— THE TASK —
Among the records below, find the line that has "바로 하단에는 패닝 모듈이"; from there, give the lines again exactly, and stop after the line that has "La piscine EXOTIQUE".

— EXERCISE INPUTS —
* * * * *

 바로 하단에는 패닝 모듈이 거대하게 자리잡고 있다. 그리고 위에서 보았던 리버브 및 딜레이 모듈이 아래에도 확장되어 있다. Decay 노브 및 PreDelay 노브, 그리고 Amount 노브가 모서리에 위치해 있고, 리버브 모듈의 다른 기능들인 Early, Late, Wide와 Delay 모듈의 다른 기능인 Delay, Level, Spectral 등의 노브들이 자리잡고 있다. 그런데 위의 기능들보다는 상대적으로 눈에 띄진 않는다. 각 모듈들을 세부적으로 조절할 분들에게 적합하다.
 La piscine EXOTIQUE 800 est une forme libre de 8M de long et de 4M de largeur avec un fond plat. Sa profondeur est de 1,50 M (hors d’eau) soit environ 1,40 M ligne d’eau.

* * * * *

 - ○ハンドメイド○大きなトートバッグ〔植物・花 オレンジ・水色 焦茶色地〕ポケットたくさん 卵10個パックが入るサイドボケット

* * * * *

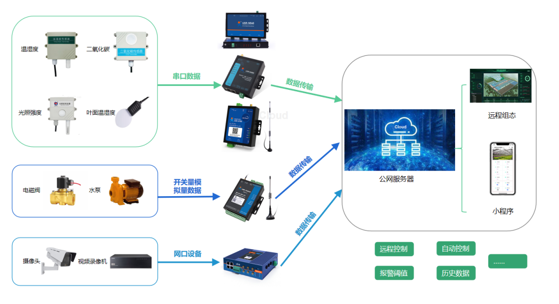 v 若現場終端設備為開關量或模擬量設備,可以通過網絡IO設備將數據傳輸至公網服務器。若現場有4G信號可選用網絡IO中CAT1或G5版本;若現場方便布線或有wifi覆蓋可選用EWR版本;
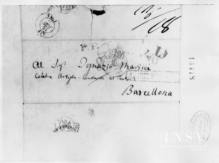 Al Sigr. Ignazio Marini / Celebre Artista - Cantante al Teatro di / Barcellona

* * * * *

— ANSWER —
 바로 하단에는 패닝 모듈이 거대하게 자리잡고 있다. 그리고 위에서 보았던 리버브 및 딜레이 모듈이 아래에도 확장되어 있다. Decay 노브 및 PreDelay 노브, 그리고 Amount 노브가 모서리에 위치해 있고, 리버브 모듈의 다른 기능들인 Early, Late, Wide와 Delay 모듈의 다른 기능인 Delay, Level, Spectral 등의 노브들이 자리잡고 있다. 그런데 위의 기능들보다는 상대적으로 눈에 띄진 않는다. 각 모듈들을 세부적으로 조절할 분들에게 적합하다.
 La piscine EXOTIQUE 800 est une forme libre de 8M de long et de 4M de largeur avec un fond plat. Sa profondeur est de 1,50 M (hors d’eau) soit environ 1,40 M ligne d’eau.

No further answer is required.